First-line osimertinib for patients with EGFR-mutated advanced non-small cell lung cancer: efficacy and safety during the COVID-19 pandemic

Suganija Lakkunarajah; Pauline T Truong; Jeffrey N Bone; Curtis Hughesman; Stephen Yip; Deepu Alex; Jason Hart; Philip Pollock; Sarah Egli; Melissa Clarkson; Mary Lesperance; Doran Ksienski

doi:10.21037/tlcr-23-81

First-line osimertinib for patients with EGFR-mutated advanced non-small cell lung cancer: efficacy and safety during the COVID-19 pandemic

Transl Lung Cancer Res. 2023 Jul 31;12(7):1454-1465. doi: 10.21037/tlcr-23-81. Epub 2023 Jul 21.

Authors

Suganija Lakkunarajah¹, Pauline T Truong^{1

2}, Jeffrey N Bone³, Curtis Hughesman⁴, Stephen Yip⁴, Deepu Alex⁴, Jason Hart^{1

2}, Philip Pollock¹, Sarah Egli¹, Melissa Clarkson¹, Mary Lesperance⁵, Doran Ksienski^{1

2}

Affiliations

¹ BC Cancer-Victoria, British Columbia, Canada.
² University of British Columbia, Victoria, British Columbia, Canada.
³ Biostatistics, Clinical Research Support Unit, BC Children's Hospital Research Institute, Vancouver, British Columbia, Canada.
⁴ BC Cancer-Vancouver, British Columbia, Canada.
⁵ University of Victoria, Department of Mathematics and Statistics, Victoria, British Columbia, Canada.

Abstract

Background: The FLAURA trial demonstrated improved overall survival (OS) with first-line osimertinib for patients with epidermal growth factor receptor (EGFR)-mutated advanced non-small cell lung cancer (NSCLC). We studied the efficacy and safety of osimertinib in a cohort treated during the coronavirus disease 2019 (COVID-19) pandemic.

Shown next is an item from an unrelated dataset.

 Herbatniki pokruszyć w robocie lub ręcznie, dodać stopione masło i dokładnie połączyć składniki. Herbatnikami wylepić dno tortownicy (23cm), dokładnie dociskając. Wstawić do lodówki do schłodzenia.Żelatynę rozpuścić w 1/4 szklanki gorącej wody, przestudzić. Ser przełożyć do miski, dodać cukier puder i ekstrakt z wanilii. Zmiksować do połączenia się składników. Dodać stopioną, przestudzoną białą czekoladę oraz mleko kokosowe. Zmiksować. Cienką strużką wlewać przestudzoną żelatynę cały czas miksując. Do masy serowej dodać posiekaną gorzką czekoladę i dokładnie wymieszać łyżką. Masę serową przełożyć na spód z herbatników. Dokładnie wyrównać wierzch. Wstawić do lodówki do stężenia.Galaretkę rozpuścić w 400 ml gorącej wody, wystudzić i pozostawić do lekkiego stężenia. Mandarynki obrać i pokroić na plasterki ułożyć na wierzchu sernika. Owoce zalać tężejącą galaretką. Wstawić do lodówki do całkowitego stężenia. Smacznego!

Methods: Patients diagnosed with EGFR-mutated advanced NSCLC between 11 March 2020 to 31 December 2021 who received first-line osimertinib in British Columbia, Canada were identified retrospectively. Kaplan-Meier curves of OS and progression-free survival (PFS) from the start of osimertinib were plotted. The associations of baseline characteristics with PFS, and development of pneumonitis or dose reductions due to toxicity with OS were evaluated with hazard ratios estimated using univariable and multivariable Cox models.

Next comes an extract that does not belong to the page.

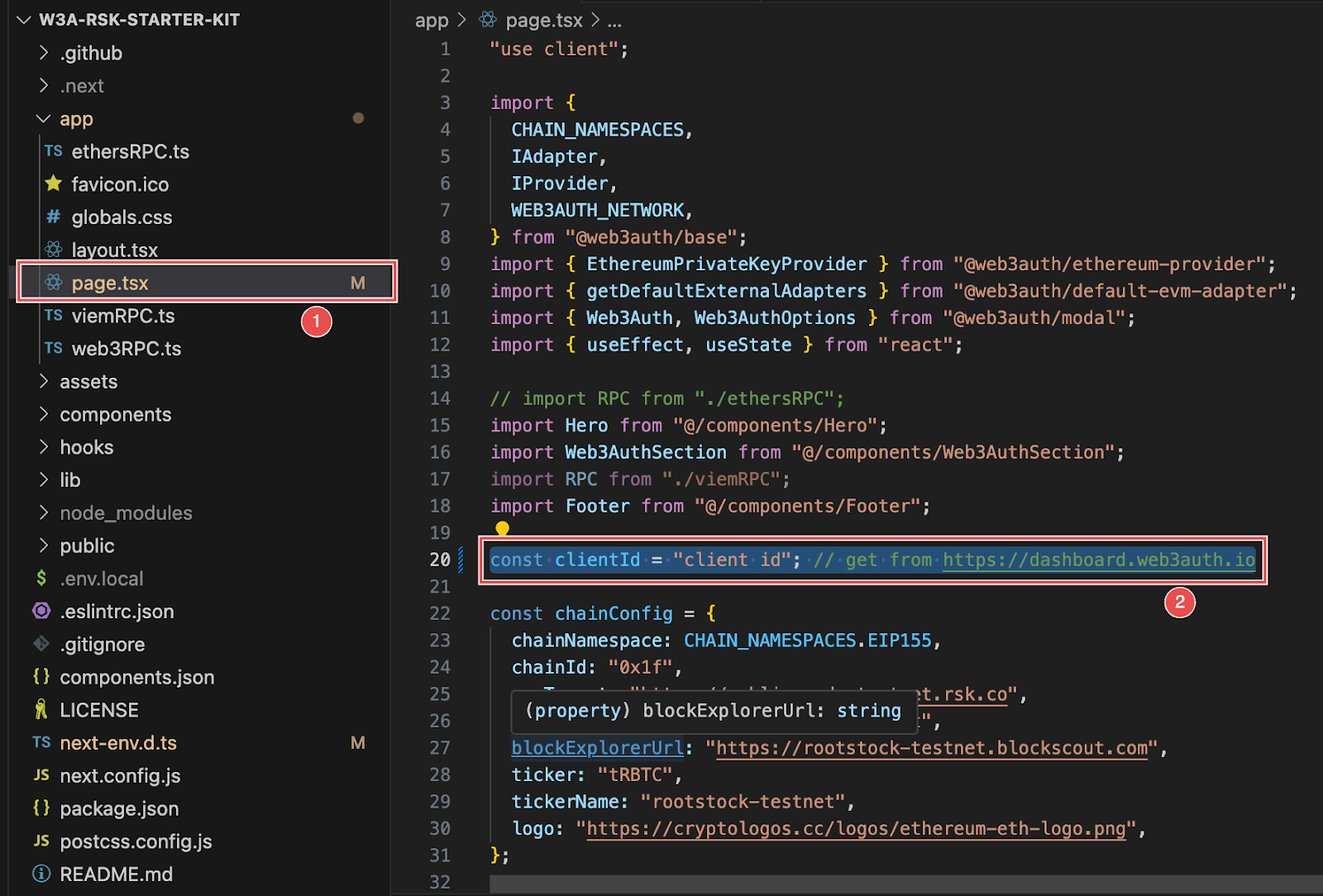 page.tsxfile in your project. - Copy and paste the copied Client ID into the appropriate configuration field in your code.

Results: The cohort comprised 231 individuals. 58.7% of patients with de novo advanced NSCLC were initially diagnosed after presentation to the Emergency Room. At osimertinib initiation, 31.6% were aged ≥75 years and 45.5% had an Eastern Cooperative Oncology Group performance status (ECOG PS) ≥2. Median PFS and OS were 18.0 months [95% confidence interval (CI): 16.1-26.2] and 25.4 months (95% CI: 20.3-not reached), respectively. On multivariable analysis, age ≥75 years (vs. <75), ECOG PS 2/3 (vs. 0/1), ECOG PS 4 (vs. 0/1), current smokers (vs. never smokers), programmed death ligand 1 (PD-L1) expression ≥50% (vs. <1%), and L858R mutation (vs. exon 19 deletion) were associated with shorter PFS. Among 110 patients who progressed, 33.6% received subsequent therapy. A proportion of 16.5% of the cohort developed grade ≥3 adverse events. Pneumonitis from osimertinib (3.9% incidence) was weakly associated with shorter OS (hazard ratio: 2.59, 95% CI: 0.94-7.12, P=0.066); dose reductions were not associated with worse OS. 10.8% of patients developed COVID-19.

Conclusions: In a cohort receiving first-line osimertinib during the COVID-19 pandemic, ECOG PS ≥2 was observed in nearly half of patients at treatment initiation contributing to a median OS shorter than in FLAURA. The incidence of severe adverse events was low and dose reduction for drug toxicity did not impact OS. Identifying and reducing barriers to the diagnosis of NSCLC during the COVID-19 pandemic are required.

Keywords: COVID-19; Osimertinib; epidermal growth factor receptor (EGFR); lung cancer; survival.